Young cowboys and cowgirls find new friends
while they test their skills and earn cash prizes
at Hallsville’s Heritage Days Little Britches Rodeo
Monday, June 27, 2005 | 12:00 a.m. CDT; updated 3:41 a.m. CDT, Saturday, July 19, 2008

How can you be a cowboy without a horse? Cole Sheetz knows. He’s ready to prove it with a list of ways that he counts off on his fingers.

“I’ve got a pistol, a belt buckle, cowboy boots and a cowboy hat,” he says and pauses for a second to think.

“I’ve also got cowboy friends,” he adds, “and I’m one handsome guy.”

Cole, 5, and his younger brother Dylan, 3, find no shame in being cowboys who travel on two feet instead of four hooves. After all, they have Quincy and Quincy, a pair of hobby horses, to gallop around on.

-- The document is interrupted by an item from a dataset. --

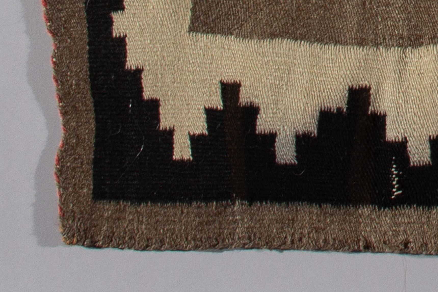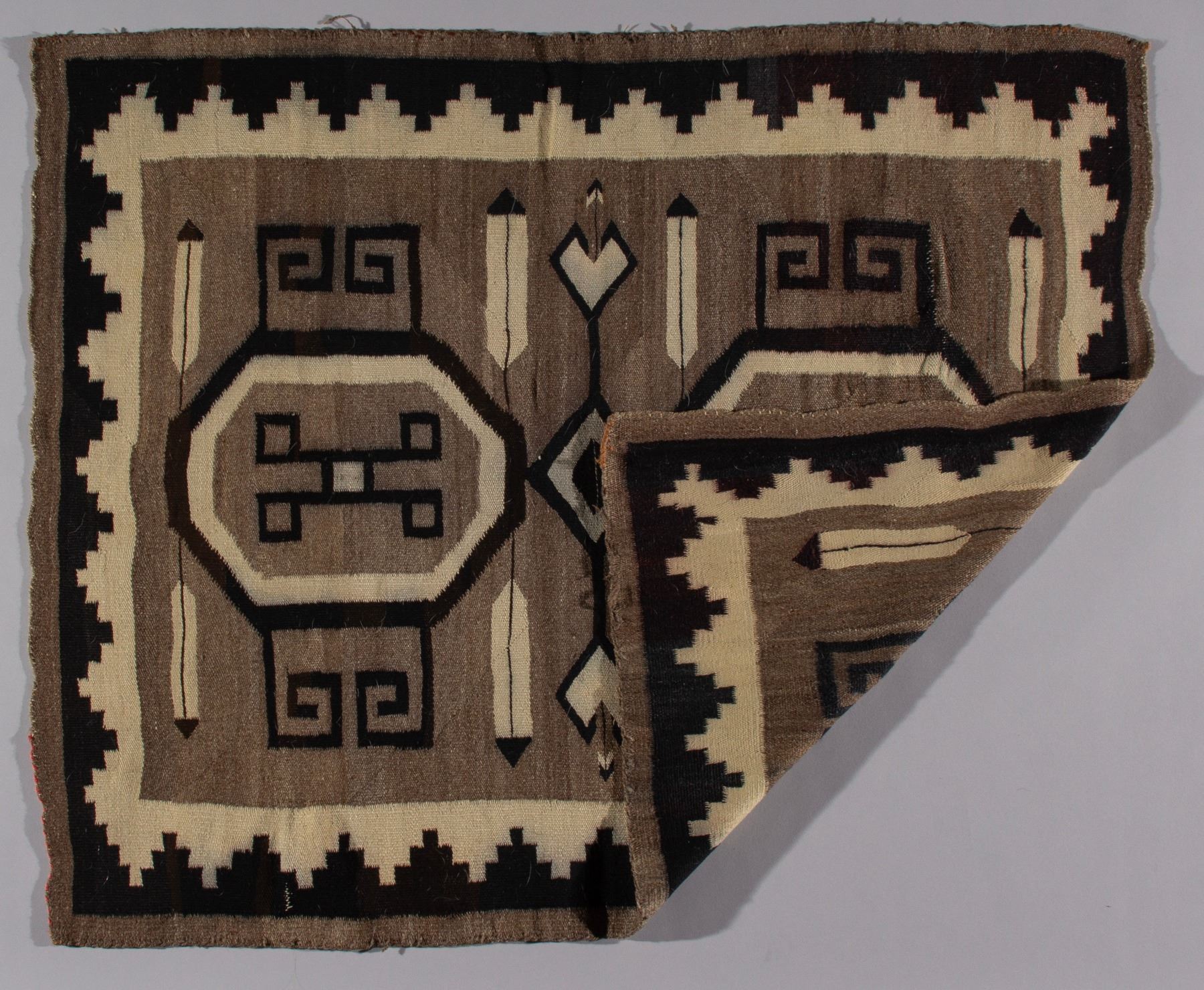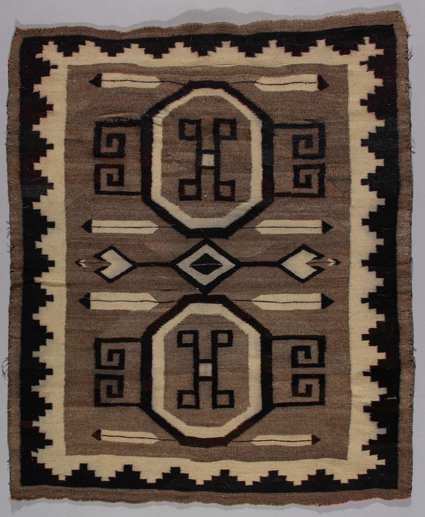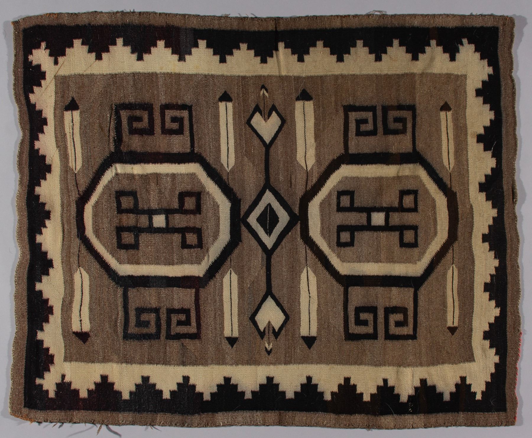 A finely hand-woven Navajo textile, identified as a classic example of the Crystal style. This pictorial rug features a complex, symmetrical geometric pattern utilizing natural, handspun wool in shades of grey-tan, black, and cream. The design centers on two large octagonal motifs, flanked by hooked elements (frets) and striking arrow/feather designs, a common motif in this regional style. The entire composition is finished with a traditional stepped border of cream and black. The aesthetic is characteristic of the weavings popularized by traders around the turn of the century. Ca 1900s
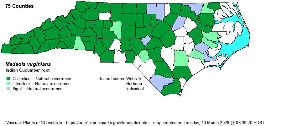 | Identification | This is a monotypic genus, being the only member of the genus Medeola. Thus, it looks like no other when in bloom or fruit; however, young plants could be confused with a few other species. When at full height, with the inflorescence, it reaches about 15-20 inches tall. It has two whorls of leaves; the one at the middle of the stem has about 7-9 generally elliptical leaves about 2 inches long, whereas the upper whorl, of three elliptical leaves, is at the top of the stem. Dangling below this upper whorl are the 3-6 small greenish flowers, each about 1/3-inch across. In the fall, the bases of the upper whorl leaves turn a deep red, and the dark purple to black berries when ripe are borne in an erect position above this whorl. However, immature plants have only the lower whorl, and at that stage can look a bit like Lilium michauxii, Isotria verticillata, or the extremely rare I. medeoloides. However, the latter two have broad and rather soft/fleshy stems, as does Lilium to an extent, and that lily also has somewhat thicker leaves that are typically obovate. The stem of Medeola is thin and quite solid and "wiry". This species also tends to grow in small clusters, more so than the others, which often grow just singly. Most biologists are quite familiar with this unique species, and many a forest walk will produce them, particularly in the western half of the state. | |

“I named mine Quincy first,” Cole explains. “He was such a good horse that Dylan named his horse Quincy, too.”

Cole, Dylan and about 30 other horseless cowboys and cowgirls, all age 5 and younger, took part in the Little Britches Rodeo earlier this month during Hallsville’s Heritage Days.

The competition featured standard rodeo events like barrel racing and calf roping, which used hobby horses and straw bales fitted with plastic calf heads instead of live animals. There were also nontraditional events such as interviews with judges and a best-dressed cowboy and cowgirl competition.

[photo]

Tyler Reinerd, 4, throws his lasso at a target made from a plastic cow head and a straw bale during the calf roping competition. (JASON JOHNS / Missourian)

Just like grown-up rodeos, the Little Britches participants competed for trophies and cash prizes. And just like grown-up cowboys, little ones like Cole know rodeos can be more about the friendships than the prize money.

During the calf roping competition, Cole cheers on other contestants, yelling, “Give it your best shot. We all can win.”

Then, he walks up to introduce himself to a fellow cowboy he’s never met.

“You’re my friend, you know. You’re my new friend,” he says to Tyler Reinerd, 4, patting him on the shoulder. “What’s your name, anyway?”